At that meeting Elder Kittavong, from Laos, did a super job addressing the investigator’s fears about being a Buddhist converting to Christianity. Having done so himself he answers the concerns better than we Americans can.

We had a wonderful 4th of July celebration with the Senior couples in Bangkok at a hamburger dinner held at the home of President and Sister Senior. The burgers were real hand made patties and tasted like hamburgers. A rarity here. Afterwards we all shared thoughts about our grand country and its inspired founding fathers.

Goats at the Catholic church.

The bridge that goes nowhere

Elder Larsen at the end of the bridge.
Boardwalks leading from the road to a house, such as this,
are very common, and shaky to walk on.

Saturday our branch took over 1000 pictures of gravestones in a soon-to-be-destroyed Chinese cemetery. We uploaded the photos to for indexing in the future.

Sunday I read the releasing of all the district clerks, secretaries, and high council, and then read in the sustaining of the stake similar callings. This is always a challenge to pronounce the Thai names correctly. President Sathit said the Branch President had to do it as authorized to represent the stake presidency, otherwise I would have delegated it. I am sure I said a few names wrong but they were not there to be unhappy with me.

Because we have several (5) English speaking members in the Branch, we started an English Adult Sunday School class. Joan taught the first lesson about Psalms and did super.

Happy birthday, America. And everyone who lives there, have a nice week.

Tuesday, July 1, 2014

Another Amazing Week in Thailand

by Elder Sowards

Transfer meeting this week was a big surprise: We lost three missionaries from branch and only received one back. With twenty-two missionaries leaving and only 8 arriving, the mission had to downsize so we lost a companionship. To make it more interesting Elder Kittavong stayed so we have gone from three English-speaking Elders to one – Elder Larsen. Teaching English class is now more of a challenge with 3 classes.
Elders Kettavong and Larsen

We have several English-only speaking members attend Sacrament meeting and the missionaries translate into a transmitter that allows them to hear the talks through wireless headphones. Elder Larsen, the new elder, has been in country less than 6 months and it is all his job now.
We have had several big rainstorms this week. The lawn was so tall I had the lady lawn-care person come cut it on Saturday. With the big storm we received Sunday nigh it will probably be just as tall in a few days. Two days of rain

We held a Work of Salvation Fireside on Sunday afternoon to help encourage more unity between members and missionaries. I was one of the speakers. We had made no-bake copies and I asked a few members plus the new missionary to come up to the podium. I asked if they looked exciting to eat (they look like mud). The Thais said no. Only E. Larsen was happy to try them, as he knew what they were. After they all tasted them they want more. I used it to illustrate that we shouldn’t judge people such as investigators or new converts.

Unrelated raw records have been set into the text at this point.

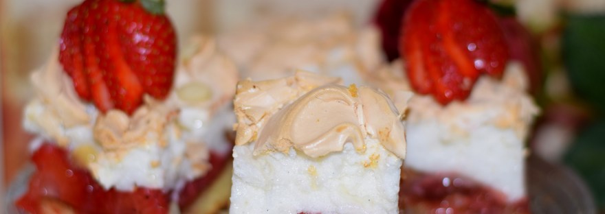 - Bezeau rezultată se așază peste blatul cu căpșuni și se formează valuri pentru un aspect mai interesant. Se dă la cuptor cca 30 de minute. La exterior trebuie să fie ușor maronie și să fi format o crustă tare. Se scoate din cuptor și se lasă la răcit în tavă, abia apoi se poate scoate și felia.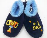 NWT, New With Tags Sales Samples. Men's Snoozies dark navy blue #1 DAD slippers. The perfect gift for your #1 Dad. Embroidered on one slipper is #1 DAD in gold thread with gold stars around it. On the other slipper is an embroidered gold colored chalice with a blue ribbon on it and the number 1. Soft and comfortable.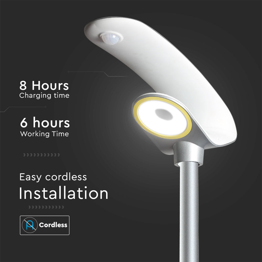 Leszúrható Szolár LED kerti lámpa mozgásérzékelővel, 20w, 6400K, hideg fehér, 2000lm, 120, ezüst, IP65, V-TAC, 5506

Taught crocheting at the Saturday Youth Activity. Only a few were interested in crocheting, but it is good to be exposed to the basic stitch.

We held a special meeting honoring Joseph Smith on Friday June 27th. One sister said that her grandchildren had asked why Joseph had to die like he did.  She said after the meeting they understood more and had a better testimony of the prophet.

During our combined Priesthood-Relief Society 5th Sunday lesson, I realized how important reading is in the Church. The lesson was about being better teachers of the gospel. The stake Sunday School president used several lesson manuals to help explain how to teach. Most Thais and many Americans do not read the training material provided us. As I thought about this, I wondered where the Church would be if Joseph Smith had not read the Bible?
 We fed the two full-time elders Sunday night. We had bought Oscar Myers hotdogs and potato chips at an American food store to celebrate the 4th of July. We didn’t have apple pie but substituted brownies.

Gorgeous but tasteless. Thai people don't care for rich desserts as do Americans,
but they enjoy a great presentation such as this cake.
Brownies are American.

Everyone have a great 4th of July. Happy birthday, America!